MMC certainly goes to extraordinary lengths to ensure loyalty. A former Putnam executive recalls being grilled by a company psychiatrist in a hotel room for hours during a job interview. Says the former exec: "Everyone has a Dr. [James] Terry story. He would ask questions like: 'What's the worst thing that ever happened to you?' 'What are your views on religion?' 'Who do you vote for?' They tell you they're looking for any signs of malfeasance or criminality. But they're also looking for people who will fit in, lockstep, at the company." An MMC spokeswoman claims that using a psychiatrist for screening purposes is "industry practice." Terry could not be reached for comment.

Once they're in, most people who join MMC's upper echelons must sign binding noncompete agreements, say both current and former employees. "Each time you exercise stock options, you have to sign a new one," says one former exec. MMC calls this, "a generally accepted practice." Employees who leave MMC and then disparage it in public risk losing any deferred compensation to which they are entitled.

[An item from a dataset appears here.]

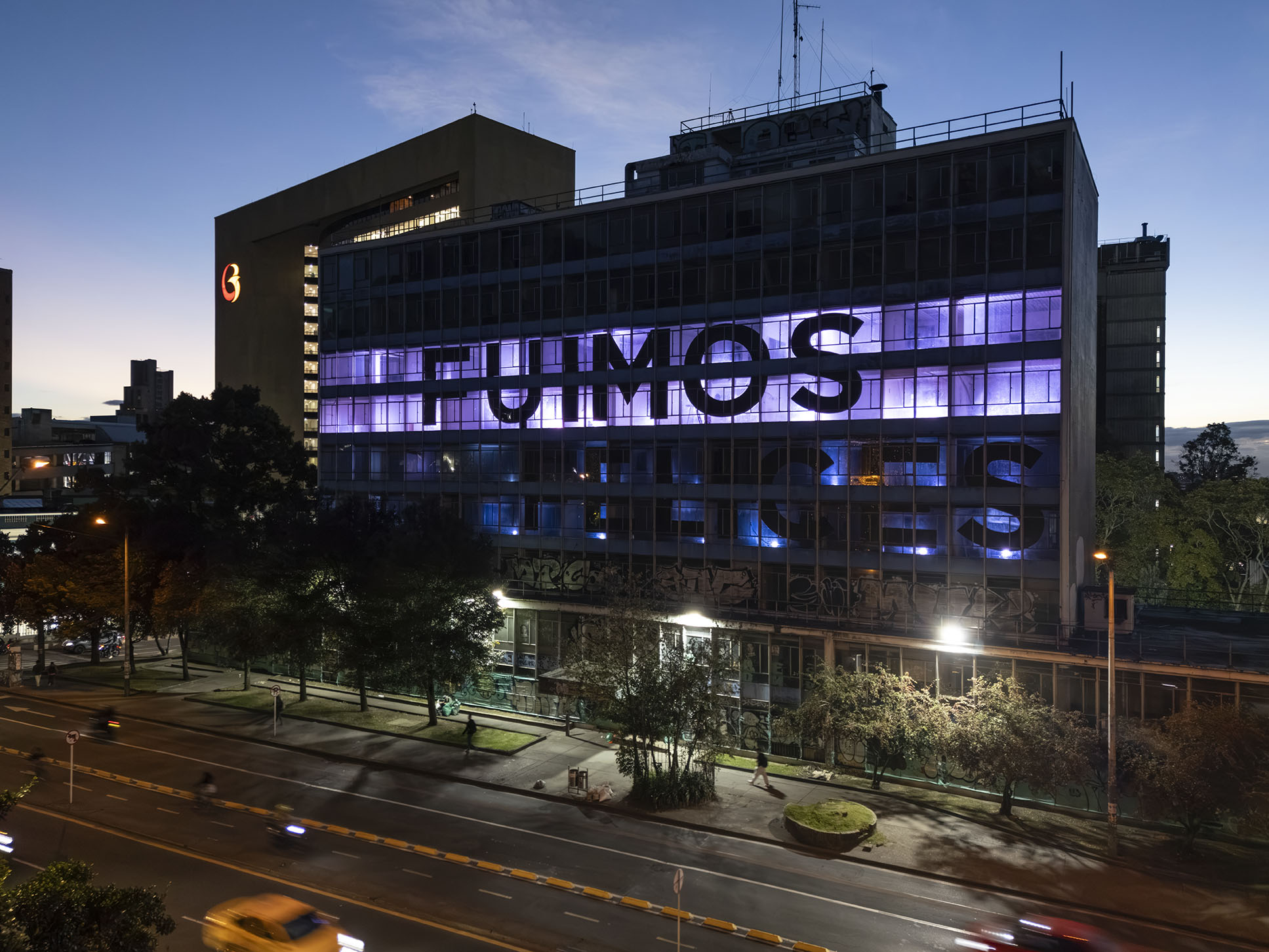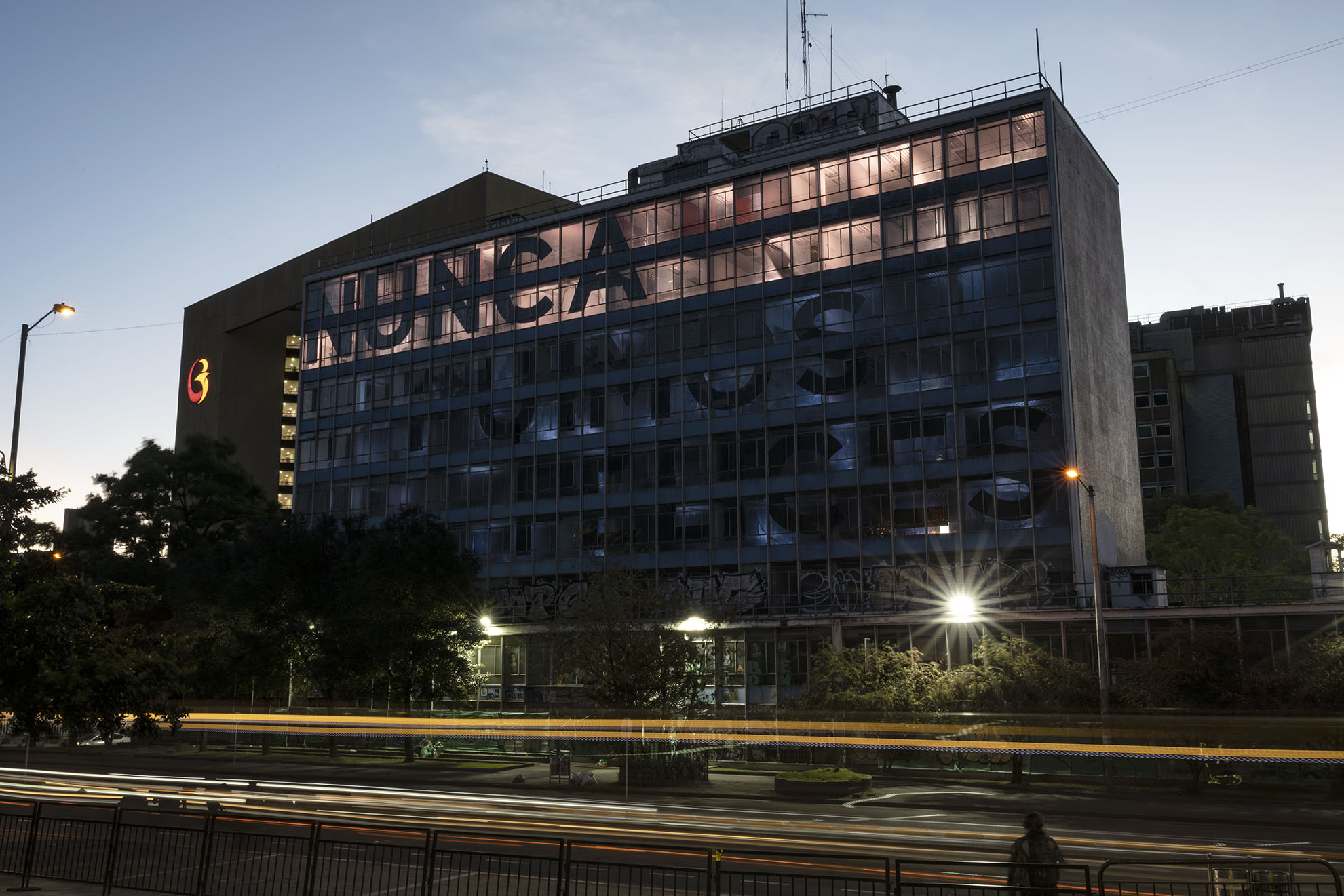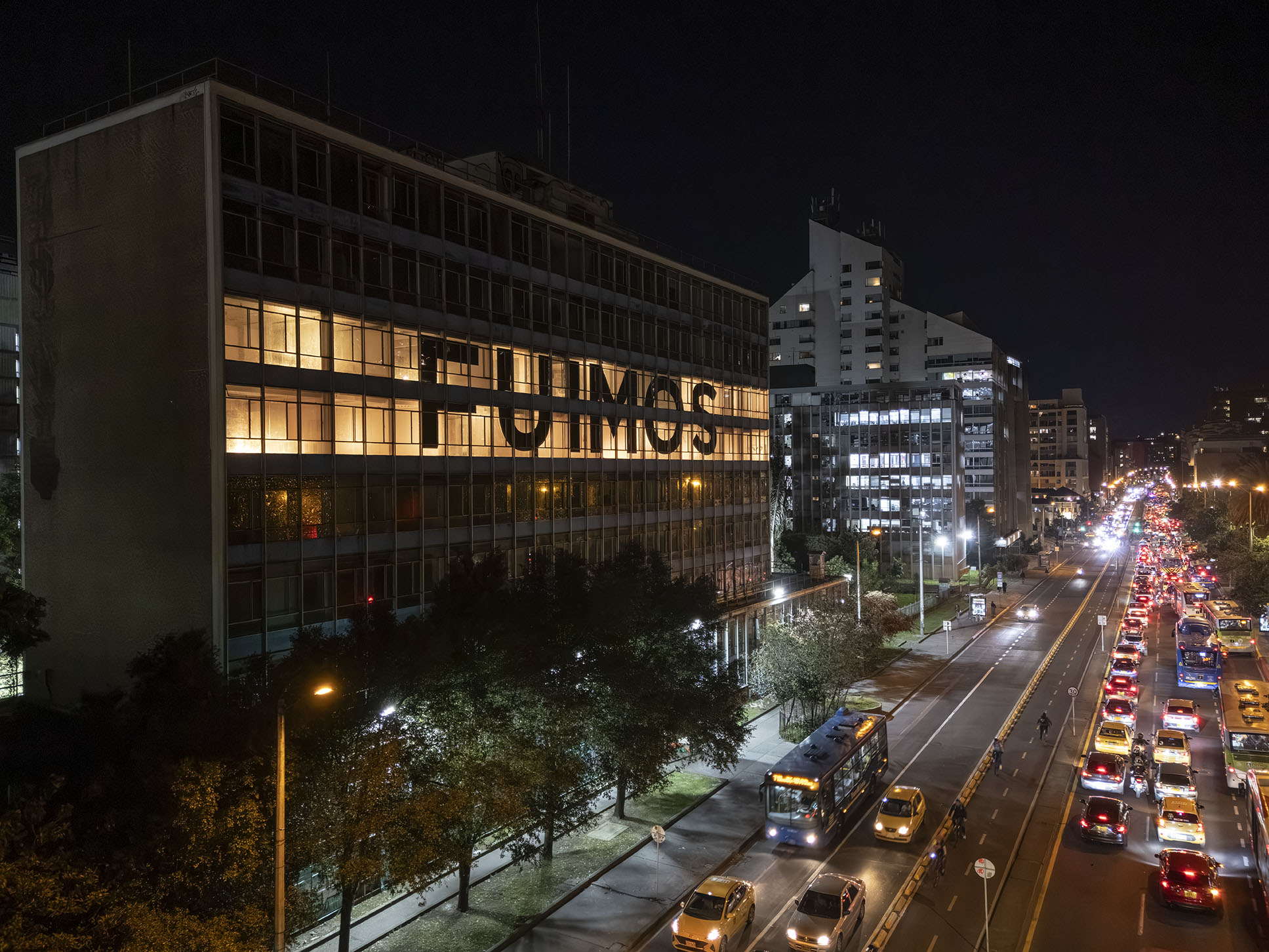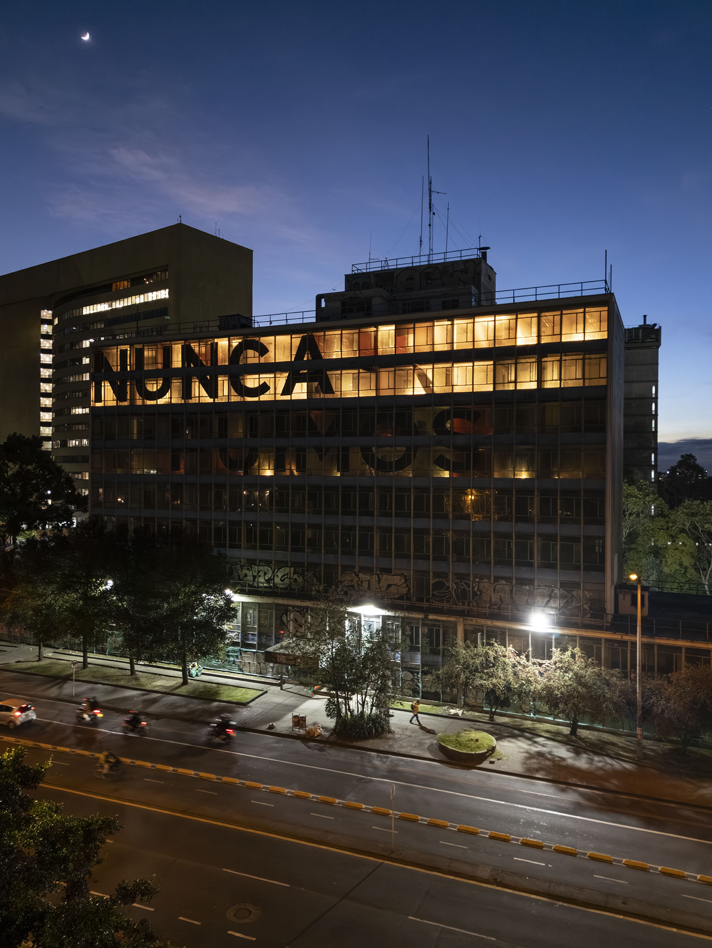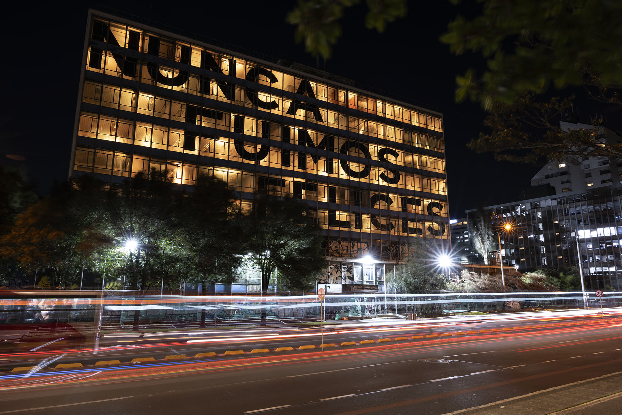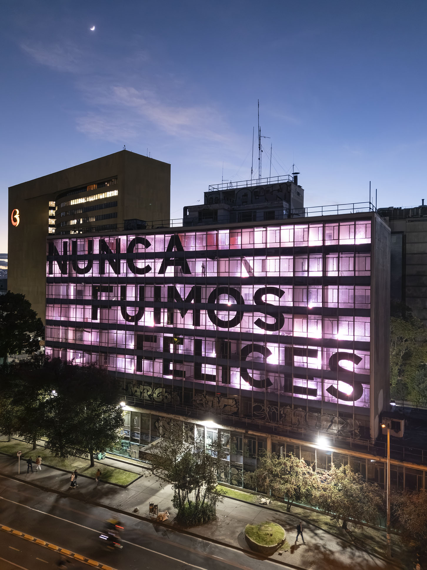 Esta instalación del artista peruano José Carlos Martinat, en colaboración con Taller Paralelo Arquitectos de Bogotá, retoma la icónica obra del artista chileno Alfredo Jaar, Estudios sobre la felicidad, quien a finales de los años setenta y comienzos de los ochenta formuló la pregunta “¿Es usted feliz?”, en varios espacios públicos en Santiago. Esta respuesta se plantea desde el icónico edificio de la CAR, sobre la carrera séptima, y que sigue siendo un símbolo de la arquitectura moderna bogotana. Hoy, es una especie de ícono mudo que mira hacia los cerros orientales, planteando esta errática yuxtaposición de sentimientos en los cuales se puede leer: "NUNCA FUIMOS FELICES", pero también, en algún momento: "FUIMOS FELICES", o simplemente: " NUNCA FUIMOS". Una pregunta que nos lleva a respuestas distintas, mientras el frenesí de la ciudad nos recuerda que vivir en Bogotá siempre será, irremediablemente, una promesa.

One former MMC exec told BusinessWeek: "Gee, I'd love to talk to you. There's a lot to say. But they've got my money."

Since moving to rival broker Willis Group Holdings Ltd. (WSH ), a former Marsh exec says he has been spied on by a private investigator who he suspects was Kroll Inc., which MMC bought in July for $1.9 billion. He says he believes MMC wants to ensure that former employees are not using its proprietary information. MMC would not comment without specific details. Another former exec says MMC constantly monitored internal phone calls. MMC says it is unaware of this....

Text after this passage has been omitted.